Revolutionary War militia general in South Carolina (1739–1817)

Andrew Pickens (September 13, 1739 – August 11, 1817) was a militia leader in the American Revolution. A planter and slaveowner, he developed his Hopewell plantation on the east side of the Keowee River across from the Cherokee town of Isunigu (Seneca) in western South Carolina. He was elected as a member of the United States House of Representatives from western South Carolina. Several treaties with the Cherokee were negotiated and signed at his plantation of Hopewell.

==Early life==
Pickens was born in 1739 in Bucks County in the Province of Pennsylvania. He was the son of Scots-Irish immigrants, Presbyterians of primarily Scottish ancestry from Carrickfergus in County Antrim, Ireland (in what is today Northern Ireland.) His parents were Andrew Pickens Sr. and Anne (née Davis). But his paternal great-grandparents were ethnic French Huguenots: Robert Andrew Pickens (Robert André Picon) had migrated to England and Northern Ireland; his wife Esther-Jeanne, widow Bonneau, was from La Rochelle, France and had settled in South Carolina along with other Huguenot refugees fleeing religious persecution as Protestants.

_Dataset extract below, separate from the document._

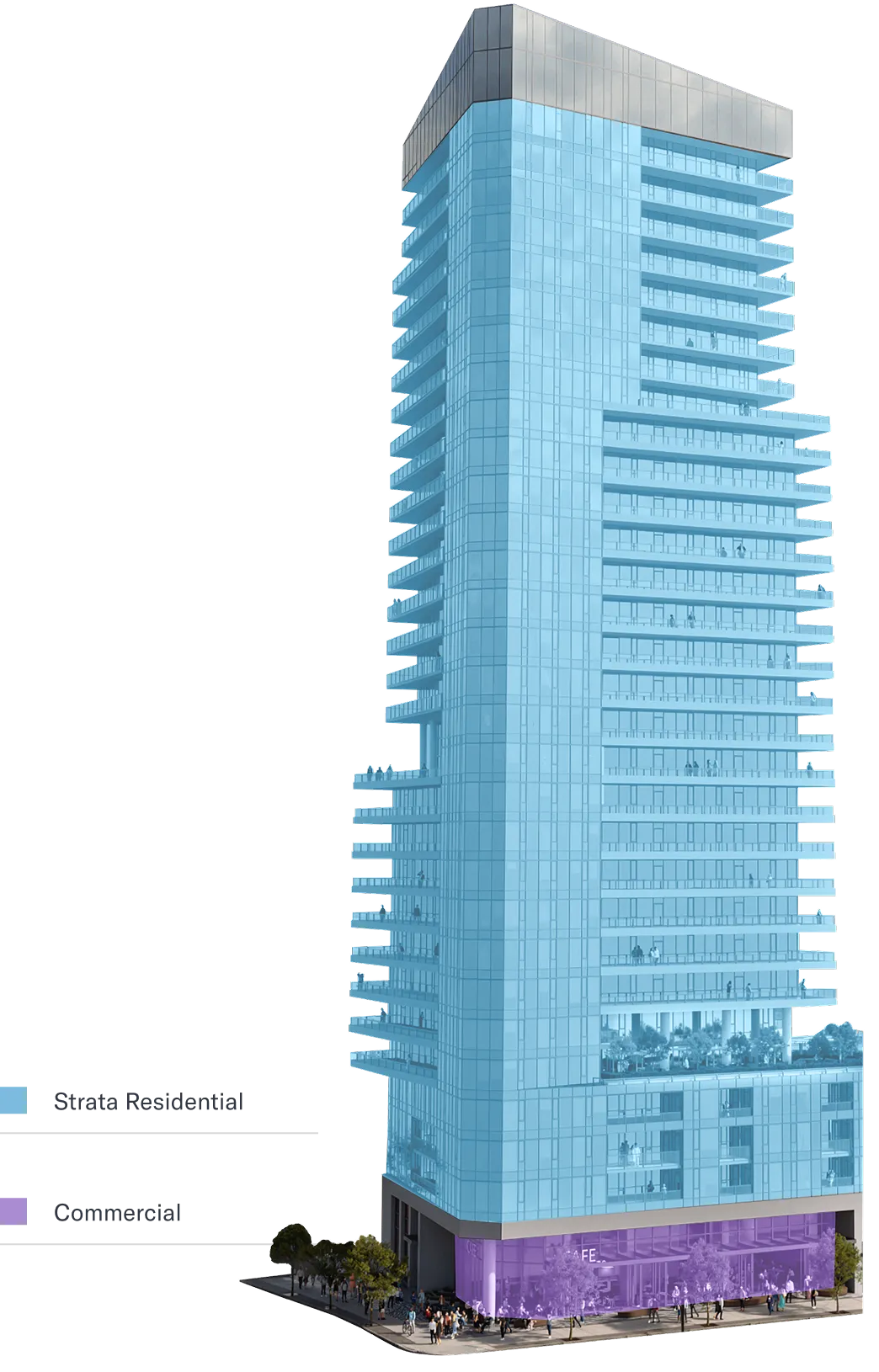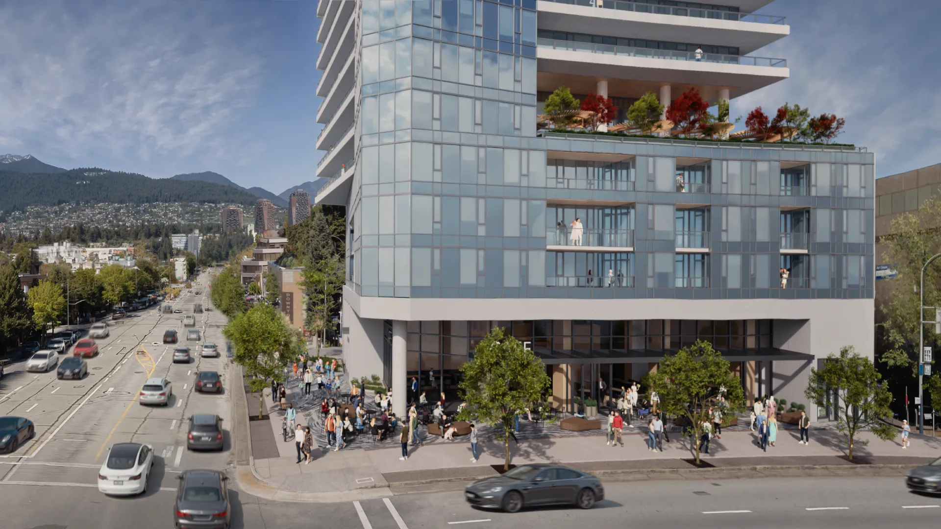 Yes. The project proposes a public plaza and café (in the ground retail space) on the corner of Burrard and Broadway, which will serve as a gathering place for residents, commercial and residential neighbours.

His family traveled the Great Wagon Road in the Shenandoah Valley in hopes of finding a new home. Records show they first settled in the Shenandoah Valley in Virginia. In 1752, his family moved to the Waxhaws on the South Carolina frontier.

==Move to frontier South Carolina==
Pickens sold his farm there in 1764 and bought land in Abbeville County, South Carolina, near the Georgia border. He married Rebecca Calhoun there and they started a family. In addition to meeting other ethnic Scots-Irish and new immigrants to the area, he became acquainted with his Cherokee neighbors. He built a blockhouse as a base for training.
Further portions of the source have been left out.